Provided information START
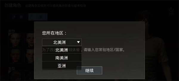 5、然后选择人物性别,发型,头发颜色,脸型以及皮肤颜色,选好之后,取一个昵称,就可以愉快的玩PUBG日韩服了。
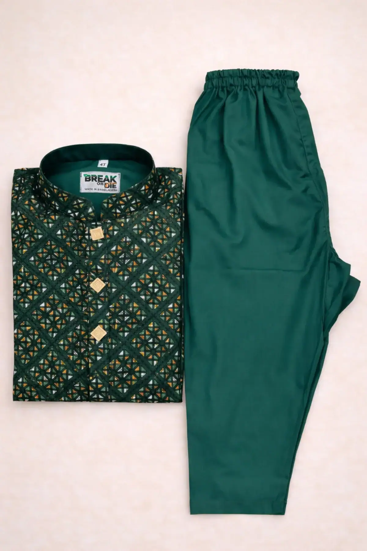 The Break Or Die | Hand & Heart™ Kids Emerald Green Geometric Printed Panjabi Set with Emerald Green Pajama is designed to celebrate tradition with softness, comfort, and timeless elegance—made especially for your little one’s precious moments.
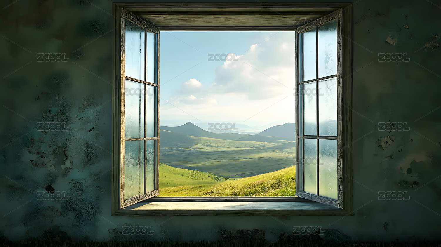 破旧墙壁乡村风景窗景
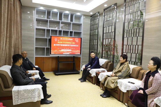 滕浩总经理和姚秀平校长一同为航空教学基地揭牌
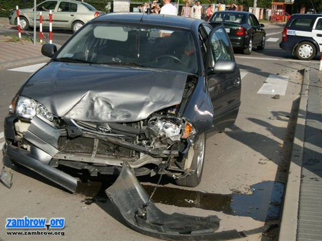 Skutki wypadku na skrzyżowaniu ul. Podedwornego i M. Konopnickiej w dn. 09.08.2009 r.
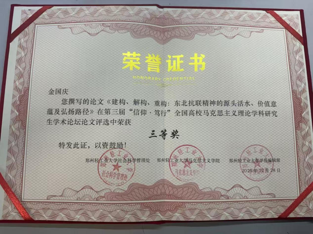 本次会议组织开展的征文活动共收到来自全国众多高校硕博理论文章1800余篇,经过学术不端检测和3轮严格筛选,评选出200篇优秀论文。公司刘俊丽教授指导的硕士研究生金国庆所撰论文《建构、解构、重构:东北抗联精神的源头活水、价值意蕴及弘扬路径》荣获学会2025年学术年会征文三等奖。
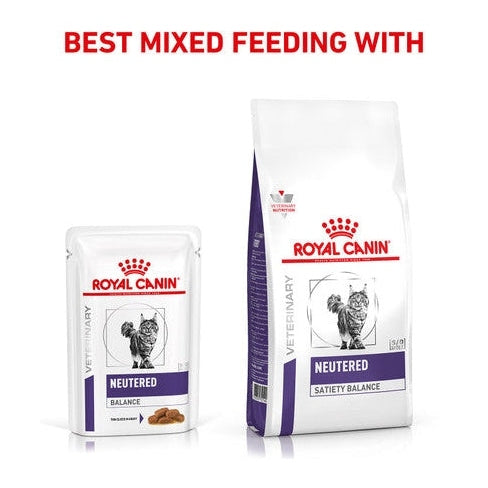 Royal Canin Veterinary Diet Feline Neutered Balance Wet Cat Food - 12 x 85g pouches (CF69) is a complete feed for neutered adult cats or with a tendency to gain weight - from neutering up to 7 years old. Neutering has a large effect on hormone levels in cats and while these changes have a positive outcome, there is one important thing that all cat owners should know. 2 days after castration, changing hormones can cause a cat's energy needs to decrease by 30%, but also increases their appetite by 20%. This can lead to significant weight gain. An easy solution is to feed your neutered cat a diet that contains the correct ingredients.
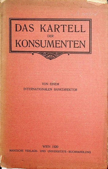 Das Kartell der Konsumenten. von einem internationalen Bankdirektor Wien, Manz Verlag, 1920. original Broschur, gr.-8?, IV, 76 S.Einband etwas berieben.
Provided information END
Apart from the pictures, repeat the data above exactly.

**Solution**
 5、然后选择人物性别,发型,头发颜色,脸型以及皮肤颜色,选好之后,取一个昵称,就可以愉快的玩PUBG日韩服了。
 The Break Or Die | Hand & Heart™ Kids Emerald Green Geometric Printed Panjabi Set with Emerald Green Pajama is designed to celebrate tradition with softness, comfort, and timeless elegance—made especially for your little one’s precious moments.
 破旧墙壁乡村风景窗景
 滕浩总经理和姚秀平校长一同为航空教学基地揭牌
 Skutki wypadku na skrzyżowaniu ul. Podedwornego i M. Konopnickiej w dn. 09.08.2009 r.
 本次会议组织开展的征文活动共收到来自全国众多高校硕博理论文章1800余篇,经过学术不端检测和3轮严格筛选,评选出200篇优秀论文。公司刘俊丽教授指导的硕士研究生金国庆所撰论文《建构、解构、重构:东北抗联精神的源头活水、价值意蕴及弘扬路径》荣获学会2025年学术年会征文三等奖。
 Royal Canin Veterinary Diet Feline Neutered Balance Wet Cat Food - 12 x 85g pouches (CF69) is a complete feed for neutered adult cats or with a tendency to gain weight - from neutering up to 7 years old. Neutering has a large effect on hormone levels in cats and while these changes have a positive outcome, there is one important thing that all cat owners should know. 2 days after castration, changing hormones can cause a cat's energy needs to decrease by 30%, but also increases their appetite by 20%. This can lead to significant weight gain. An easy solution is to feed your neutered cat a diet that contains the correct ingredients.
 Das Kartell der Konsumenten. von einem internationalen Bankdirektor Wien, Manz Verlag, 1920. original Broschur, gr.-8?, IV, 76 S.Einband etwas berieben.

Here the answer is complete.